- Globally, mini-grids are being regarded as a solution for energy poverty, especially at a time when grid connectivity is decelerating.
- A mini-grid is a decentralised electricity generation system with capacities exceeding 10 kW. It caters to various needs like homes, businesses, institutions, and small industries.
- Over the past three decades, India has been experimenting with mini-grids to provide electricity in remote areas where conventional grids were not feasible.
- While mini-grids offer reliable and high-quality power, policy support is required to enhance their overall performance and overcome past challenges.
Jharkhand is soliciting bids for maintaining mini and microgrids – decentralised, small-scale electricity generation systems – across the state. Previously, the state has had disappointments with unreliable vendors meant to maintain such systems which are key to the state where more than 350,000 households do not have electricity.
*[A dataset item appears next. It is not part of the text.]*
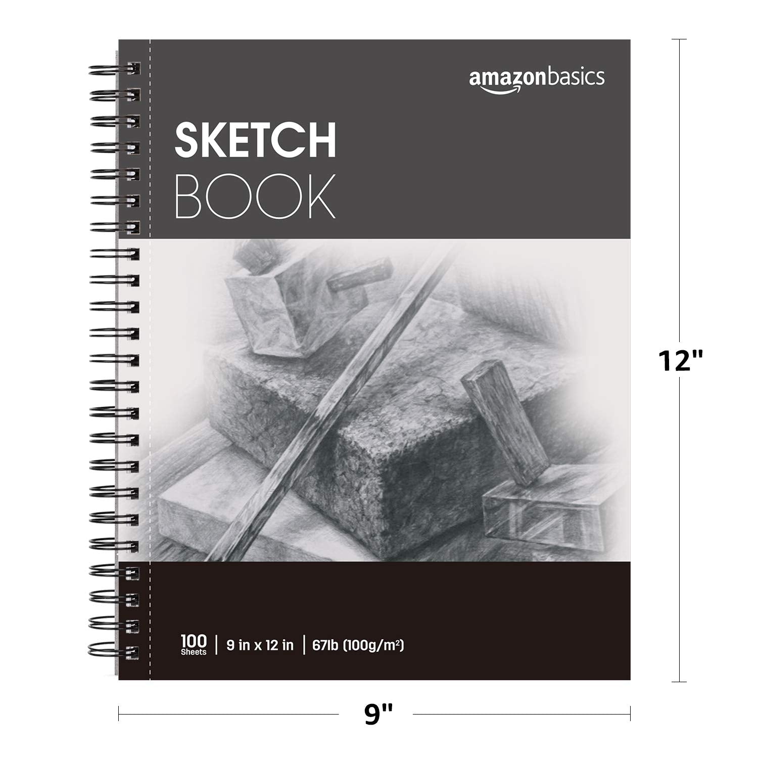 Amazon Basics Sketch Pad for Artists, 67 lb. / 100 gsm, 100 Sheets, 9"x12", White

Since July, the state, where 5.7% of the population still reside in households without electricity, has initiated tenders for Comprehensive Maintenance Contract and Operation (CMC) covering 212 mini/microgrids in seven districts.
This comes at a time when India, during its G20 presidency, is discussing mini-grids as a solution to tackle energy poverty.
Over the past five years, some contractors have not submitted annual CMC reports, leading to concerns about the functionality of the existing mini and microgrids, Dheeraj Kumar Gupta, Senior Programme Associate at WRI India, told Mongabay-India.
Talking about Jharkhand’s current bids for maintainance contractors, Gupta emphasises that it is important for the Jharkhand Renewable Energy Development Agency (JREDA) to set up a monitoring system for contractors and to impose penalties if needed. “Failure to do so could jeopardise the overarching goal of the planned mini-grid initiative,” he added.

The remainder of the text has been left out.